Hide vs. Mallard

This week, Rodney Hide took a complaint to the Speaker about the scuffle between Labour minister Trevor Mallard and National MP Tau Henare, in which the former admitted assaulting the latter, as NZPA reported:

ACT leader Rodney Hide says he will go to the police if his privileges complaint over the stoush between Trevor Mallard and Tau Henare goes unheard.Mr Hide said last week he would lay a breach of privilege complaint with Speaker Margaret Wilson over the altercation which saw Mr Mallard punch Mr Henare.

Hide has posted his full letter to Wilson at his blog. In keeping with Hide’s new image of being nice to everyone, he bends over to compliment Mallard to begin with:

I feel sorry for Trevor. I have known him for over a decade. He is a boisterous, aggressive and, at times, nasty Member of Parliament. As the Prime Minister would say, “That’s Trevor!” But he has never to my knowledge been physically violent. His punch is definitely out of character and I can’t imagine what he was thinking at the time.

Ah well, so why take a complaint then? Hide goes on:

We can’t ignore the incident and by implication say punching someone in Parliament is okay as long as you apologise or whatever other excuse can be proffered. As the TV ads implore us – it’s never okay. It’s what you do now Madam Speaker that counts. It’s not just the signal it sends the country; it is also the signal it sends MPs. What happens now if an MP threatens to punch another MP? We would have to act against that – but we would look hypocritical if we did nothing when actual punches were thrown.

Hide continues in a similar vein, justifying why he was late in filing the complaint and urging the Speaker to take action.
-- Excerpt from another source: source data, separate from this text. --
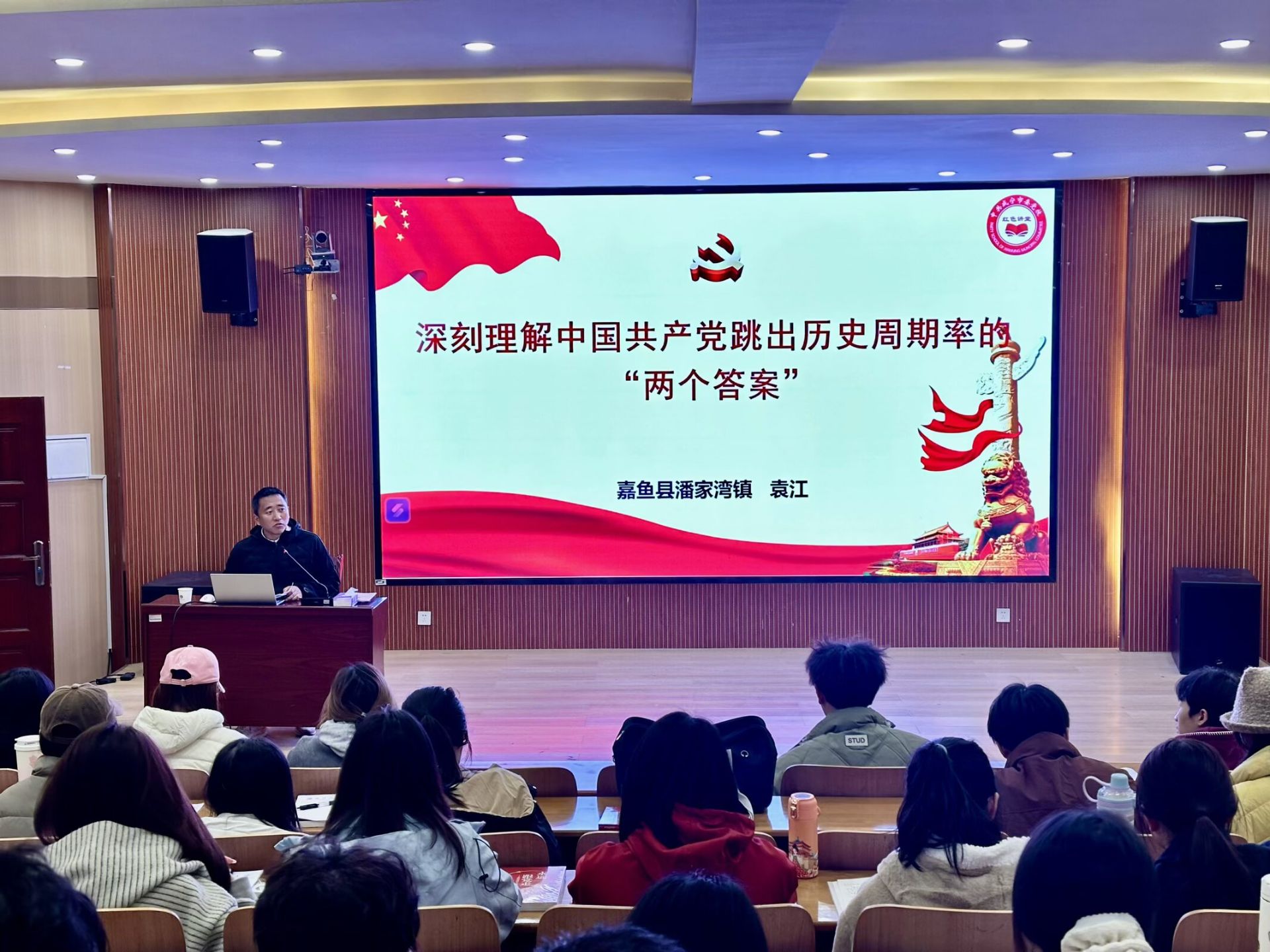 为持续深化青年思想政治教育,引导广大学子坚定理想信念、勇担时代重任,11月23日下午,永利3044集团与经济学院2025年秋季联合分党校(团校)第四讲在崇德楼T301报告厅顺利举行。本次讲座特邀咸宁市嘉鱼县潘家湾镇镇长袁江担任主讲,以《深刻理解中国共产党跳出历史周期率的“两个答案”》为主题,为全体学员带来一堂史料翔实、思想深刻的理论党课。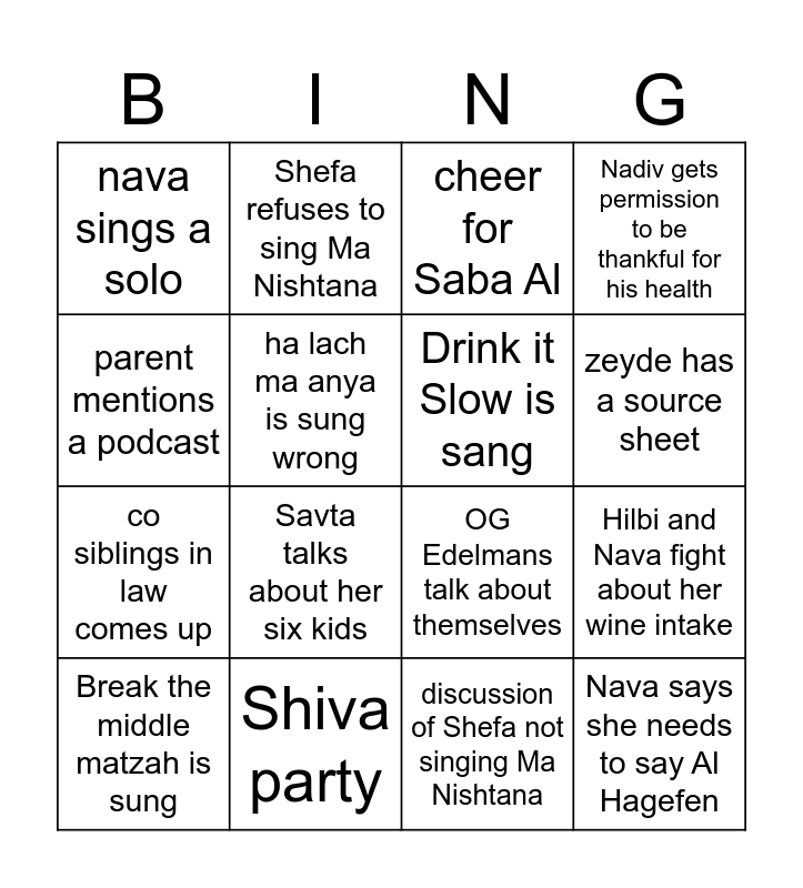 This bingo card has 26 words: Free!, adams 50th, zeyde has a source sheet, Zz says something crazy, parent mentions a podcast, nava sings a solo, ha lach ma anya is sung wrong, Shefa refuses to sing Ma Nishtana, discussion of Shefa not singing Ma Nishtana, Ephie attempts zoom style singing, co siblings in law comes up, OG Edelmans talk about themselves, ICE, Erica cries, Hilbi and Nava fight about her wine intake, Shefa gets permission to be thankful for her health, Nadiv gets permission to be thankful for his health, Nava says she needs to say Al Hagefen, cheer for Saba Al, Break the middle matzah is sung, Savta talks about her six kids, "I didn't like her but I loved her" comes up, Shiva party, Bubbie thanking Erica always, Drink it Slow is sang and Savta talks about her trips.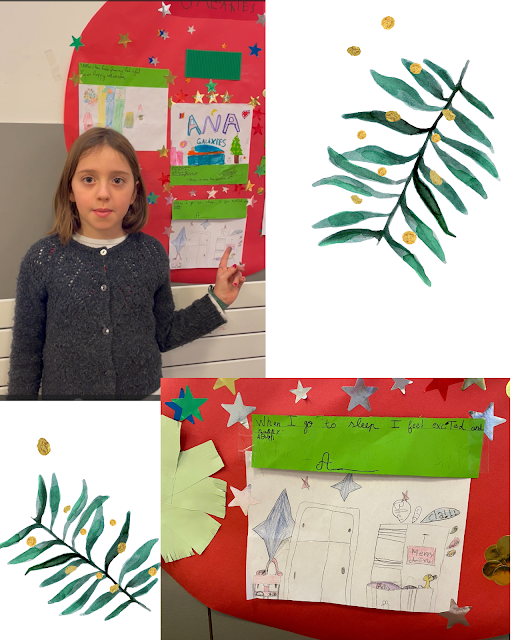 Year 3 Students created a poster for Christmas. They all made a drawing illustrating a Christmas time that makes them feel an emotion and wrote a sentence describing this emotion for the class poster.

Frankly, I think Hide’s move is foolish. It’s one thing to change one’s image and be a “nice guy”, but quite another to become all sanctimonious about others’ conduct. Personally, I think Mallard should have been charged with assault, but I think the public mood is more divided. Mallard took the first opportunity to do a mea culpa and apologise for his actions, an attitude which New Zealanders will usually respect from someone who has made a mistake. Compare the arrogance shown by David Benson-Pope who continually refused to admit he was in the wrong, before finally being brought down.

In any case, jurisdiction over such matters does not rest with Hide. He was not the one assaulted, nor is he an MP in the Labour or National parties. Neither is he a Conduct Czar for all of Parliament. Perhaps it would help if I put it this way: will gunning for Mallard get ACT any more support? The answer is clearly no. Suggestion: the We’re Here to Help film on the ill-conduct of the IRD comes out this Thursday. Use this as a hook to talk about tax, tax, tax. An ACT issue – not a non-issue.